Computational Biology and Applied Algorithmics, Max Planck Institute for Informatics, Saarbrücken, Germany.
PLoS One. 2010 Feb 3;5(2):e9044. doi: 10.1371/journal.pone.0009044.
Replication capacity (RC) of specific HIV isolates is occasionally blamed for unexpected treatment responses. However, the role of viral RC in response to antiretroviral therapy is not yet fully understood.
We developed a method for predicting RC from genotype using support vector machines (SVMs) trained on about 300 genotype-RC pairs. Next, we studied the impact of predicted viral RC (pRC) on the change of viral load (VL) and CD4(+) T-cell count (CD4) during the course of therapy on about 3,000 treatment change episodes (TCEs) extracted from the EuResist integrated database. Specifically, linear regression models using either treatment activity scores (TAS), the drug combination, or pRC or any combination of these covariates were trained to predict change in VL and CD4, respectively.

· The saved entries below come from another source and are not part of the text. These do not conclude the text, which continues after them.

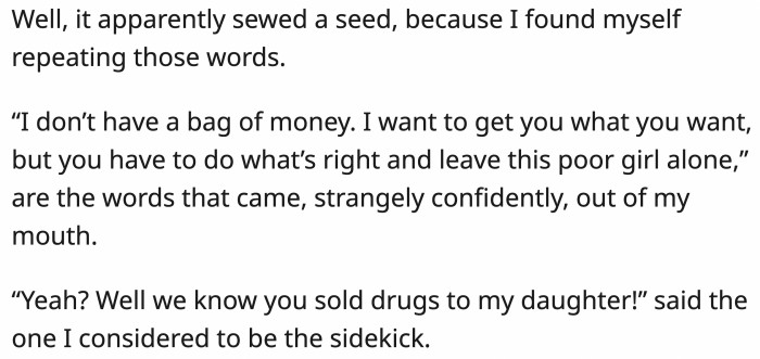 OP said, “I don’t have a bag of money. I want to get you what you want, but you have to do what’s right and leave this poor girl alone.” The thugs replied that OP had apparently sold drugs to their daughter.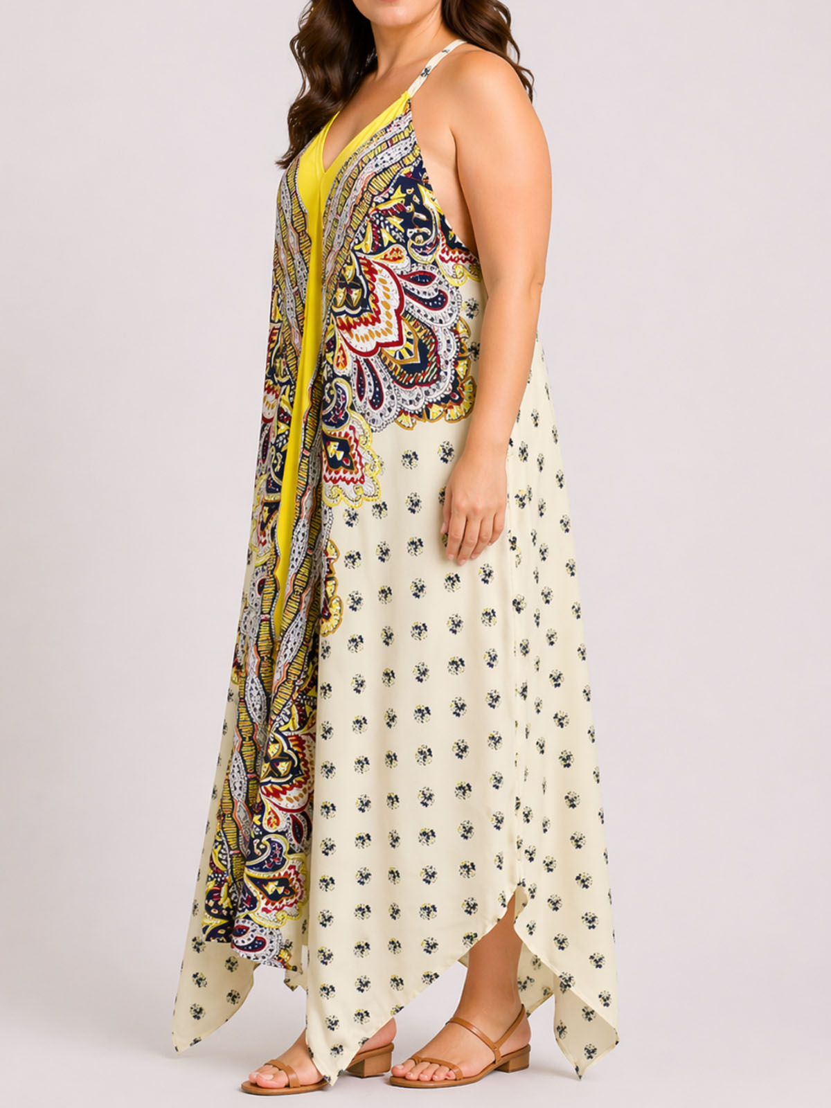 Sleeveless Scarf Print Hanky Hem Dress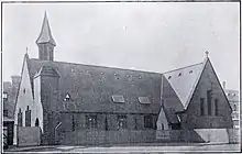 Over the years 1855 and 1856 a simple single aisled bluestone church, consisting of a nave and tower, was constructed on land granted to the Catholic Church in Carlton. This building, known as St George's, Carlton, was to serve a dual purpose as a church on Sundays and a school during weekdays and remained in use as a school for many years. In 1866 a transept was added to the church to cater for the expanding local population and its children. James Hennessy O'Connell was made pastor to the parish in 1881 and began raising funds to expand the complex which later included the erection of a new church, the Church of the Sacred Heart in 1899, new school buildings and a hall.[3]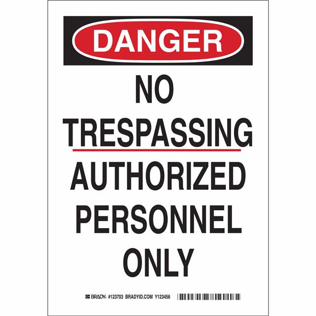 This is manufactured by Brady Corporation. The manufacturer part number is 123706. Label with a size of 14.00" l x 10.00" w (355.6mm x 254.0mm). The product is rohs3 compliant. It is assigned with possible HTSUS value of 3926.90.9989. It has a classic black and red legend, white background colour. The product brady®, is a highly preferred choice for users. The product is made from highly stable and reliable polyester. In addition, it is reach unaffected. Its typical moisture sensitivity level is not applicable. In addition, bulk is the available packaging type of the product. A bespoke label is a danger. no trespassing authorized personnel only label. The product is suitable for use with danger. It has a long 4 weeks standard lead time. The brady corporation's product offers user-desired applications. The product is designated with the ear99 code number.

The SVM models achieved a Spearman correlation (rho) of 0.54 between measured RC and pRC. The prediction of change in VL (CD4) was best at 180 (360) days, reaching a correlation of rho = 0.45 (rho = 0.27). In general, pRC was inversely correlated to drug resistance at treatment start (on average rho = -0.38). Inclusion of pRC in the linear regression models significantly improved prediction of virological response to treatment based either on the drug combination or on the TAS (t-test; p-values range from 0.0247 to 4 10(-6)) but not for the model using both TAS and drug combination. For predicting the change in CD4 the improvement derived from inclusion of pRC was not significant.
Viral RC could be predicted from genotype with moderate accuracy and could slightly improve prediction of virological treatment response. However, the observed improvement could simply be a consequence of the significant correlation between pRC and drug resistance.

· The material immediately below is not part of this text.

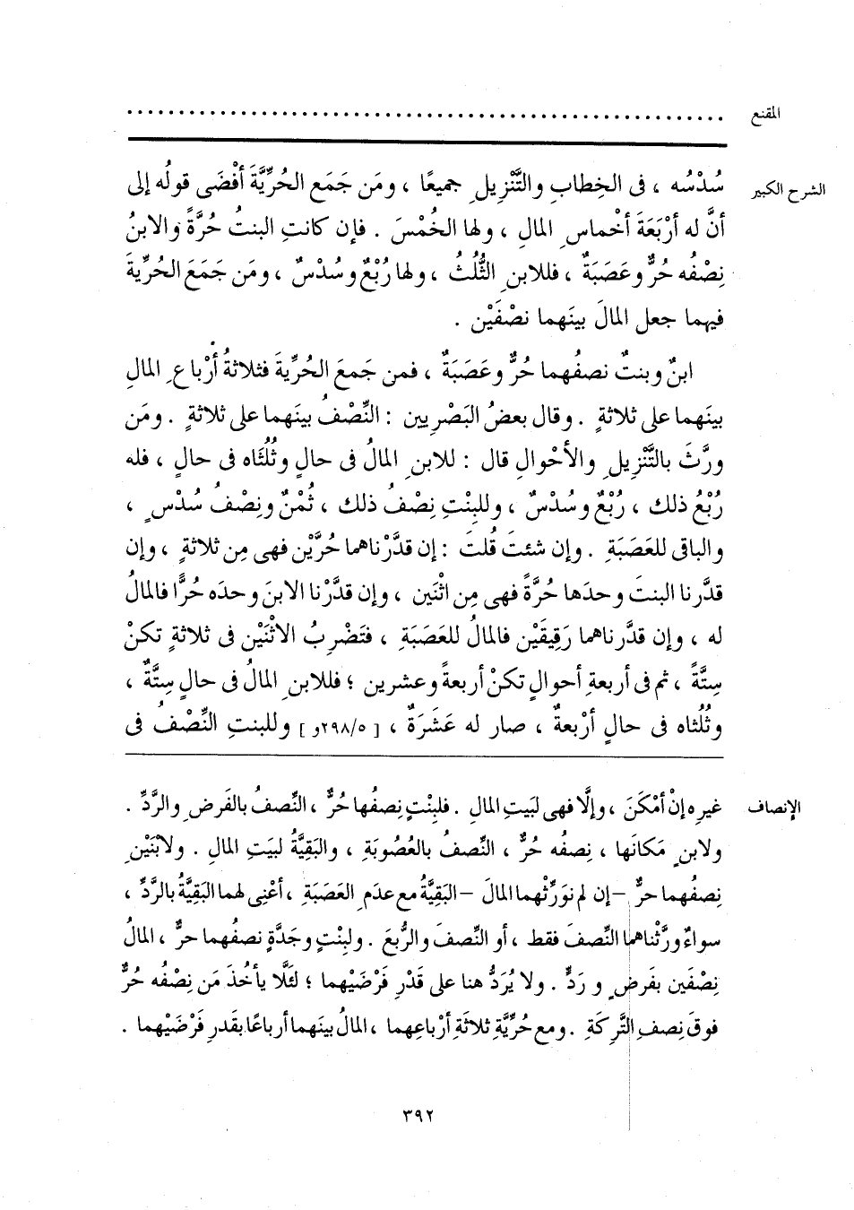 غيرِه إنْ أمْكَن، وإلَّا فهي لبَيتِ المالِ. فلبِنْتٍ نِصفُها حُرٌّ، النِّصفُ بالفَرضِ والرَّدِّ. ولابنٍ مَكانَها، نِصفُه حُر، النِّصفُ بالعُصُوبَةِ، والبَقِيَّةُ لبيَتِ المالِ. ولابنَينِ نِصفُهما حر -إن لم نوَرِّثْهما المال- البَقِيَّةُ مع عدَمِ العَصَبَةِ، أعْنِي لهما البَقِيَّةُ بالرَّدِّ، سواءٌ ورثْناهما النِّصفَ فقط، أو النِّصفَ والرُّبعَ. ولبِنْتٍ وجَدَّةٍ نصفُهما حرٌّ، المالُ نِصْفَين بفَرضٍ ورَدٌّ. ولا يُرَدُّ هنا على قَدْرِ فَرْضَيهما؛ لئَلَّا يأخُذَ مَن نِصْفُه حُر فوقَ نِصفِ التَّرِكَةِ. ومع حُرِّيَّةِ ثلاثةِ أرْباعِهما، المالُ بينَهما أرباعًا. بقَدرِ فَرْضَيهما.

特定 HIV 分离物的复制能力(RC)偶尔会导致治疗反应出乎意料。然而,病毒 RC 在抗逆转录病毒治疗中的作用尚未完全了解。
我们开发了一种使用支持向量机(SVM)从基因型预测 RC 的方法,该方法是基于大约 300 对基因型-RC 对进行训练的。接下来,我们研究了预测病毒 RC(pRC)对治疗过程中大约 3000 个治疗变化事件(TCE)中病毒载量(VL)和 CD4(+)T 细胞计数(CD4)变化的影响,这些 TCE 是从 EuResist 综合数据库中提取的。具体来说,使用治疗活性评分(TAS)、药物组合或 pRC 或这些协变量的任何组合的线性回归模型来分别训练预测 VL 和 CD4 的变化。
SVM 模型在测量的 RC 和 pRC 之间达到了 0.54 的 Spearman 相关系数(rho)。在 180(360)天时,VL(CD4)的预测效果最佳,达到了 rho=0.45(rho=0.27)的相关性。一般来说,pRC 与治疗开始时的耐药性呈负相关(平均 rho=-0.38)。在基于药物组合或 TAS 的线性回归模型中包含 pRC,显著提高了对病毒学治疗反应的预测(t 检验;p 值范围从 0.0247 到 4 10(-6)),但基于 TAS 和药物组合的模型则不然。对于预测 CD4 的变化,包含 pRC 并没有显著改善。
病毒 RC 可以从基因型中以中等准确度预测,并且可以略微提高对病毒学治疗反应的预测。然而,观察到的改善可能仅仅是由于 pRC 与耐药性之间的显著相关性所致。